(Beginning of MATERIAL TO PROCESS)
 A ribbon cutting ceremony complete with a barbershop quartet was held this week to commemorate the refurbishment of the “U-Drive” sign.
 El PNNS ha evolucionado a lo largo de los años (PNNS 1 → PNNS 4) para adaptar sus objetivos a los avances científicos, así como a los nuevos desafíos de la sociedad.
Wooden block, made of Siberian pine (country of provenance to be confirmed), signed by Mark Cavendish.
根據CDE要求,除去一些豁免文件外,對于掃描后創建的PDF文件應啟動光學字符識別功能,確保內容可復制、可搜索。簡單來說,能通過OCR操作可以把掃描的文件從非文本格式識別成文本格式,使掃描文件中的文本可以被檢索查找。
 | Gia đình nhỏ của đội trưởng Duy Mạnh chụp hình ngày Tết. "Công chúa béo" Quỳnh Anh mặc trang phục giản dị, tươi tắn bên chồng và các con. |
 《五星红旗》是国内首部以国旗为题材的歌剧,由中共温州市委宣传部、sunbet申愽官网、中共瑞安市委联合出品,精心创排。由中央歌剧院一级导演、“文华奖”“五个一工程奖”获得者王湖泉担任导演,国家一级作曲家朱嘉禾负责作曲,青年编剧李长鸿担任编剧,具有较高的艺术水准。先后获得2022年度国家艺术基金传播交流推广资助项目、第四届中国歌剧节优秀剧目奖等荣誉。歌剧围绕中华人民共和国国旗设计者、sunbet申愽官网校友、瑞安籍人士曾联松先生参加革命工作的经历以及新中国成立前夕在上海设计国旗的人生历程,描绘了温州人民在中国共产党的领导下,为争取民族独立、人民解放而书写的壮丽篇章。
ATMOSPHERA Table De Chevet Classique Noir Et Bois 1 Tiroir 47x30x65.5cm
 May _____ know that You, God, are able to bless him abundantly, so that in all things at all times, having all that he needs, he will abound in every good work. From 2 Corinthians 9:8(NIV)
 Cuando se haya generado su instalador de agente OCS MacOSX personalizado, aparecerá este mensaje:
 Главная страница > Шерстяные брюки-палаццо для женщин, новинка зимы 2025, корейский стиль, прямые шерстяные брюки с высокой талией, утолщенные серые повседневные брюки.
(End of MATERIAL TO PROCESS)
WHAT THIS TASK INVOLVES: Reproduce each record exactly as written above.

EXERCISE OUTPUT:
 A ribbon cutting ceremony complete with a barbershop quartet was held this week to commemorate the refurbishment of the “U-Drive” sign.
 El PNNS ha evolucionado a lo largo de los años (PNNS 1 → PNNS 4) para adaptar sus objetivos a los avances científicos, así como a los nuevos desafíos de la sociedad.
Wooden block, made of Siberian pine (country of provenance to be confirmed), signed by Mark Cavendish.
根據CDE要求,除去一些豁免文件外,對于掃描后創建的PDF文件應啟動光學字符識別功能,確保內容可復制、可搜索。簡單來說,能通過OCR操作可以把掃描的文件從非文本格式識別成文本格式,使掃描文件中的文本可以被檢索查找。
 | Gia đình nhỏ của đội trưởng Duy Mạnh chụp hình ngày Tết. "Công chúa béo" Quỳnh Anh mặc trang phục giản dị, tươi tắn bên chồng và các con. |
 《五星红旗》是国内首部以国旗为题材的歌剧,由中共温州市委宣传部、sunbet申愽官网、中共瑞安市委联合出品,精心创排。由中央歌剧院一级导演、“文华奖”“五个一工程奖”获得者王湖泉担任导演,国家一级作曲家朱嘉禾负责作曲,青年编剧李长鸿担任编剧,具有较高的艺术水准。先后获得2022年度国家艺术基金传播交流推广资助项目、第四届中国歌剧节优秀剧目奖等荣誉。歌剧围绕中华人民共和国国旗设计者、sunbet申愽官网校友、瑞安籍人士曾联松先生参加革命工作的经历以及新中国成立前夕在上海设计国旗的人生历程,描绘了温州人民在中国共产党的领导下,为争取民族独立、人民解放而书写的壮丽篇章。
ATMOSPHERA Table De Chevet Classique Noir Et Bois 1 Tiroir 47x30x65.5cm
 May _____ know that You, God, are able to bless him abundantly, so that in all things at all times, having all that he needs, he will abound in every good work. From 2 Corinthians 9:8(NIV)
 Cuando se haya generado su instalador de agente OCS MacOSX personalizado, aparecerá este mensaje:
 Главная страница > Шерстяные брюки-палаццо для женщин, новинка зимы 2025, корейский стиль, прямые шерстяные брюки с высокой талией, утолщенные серые повседневные брюки.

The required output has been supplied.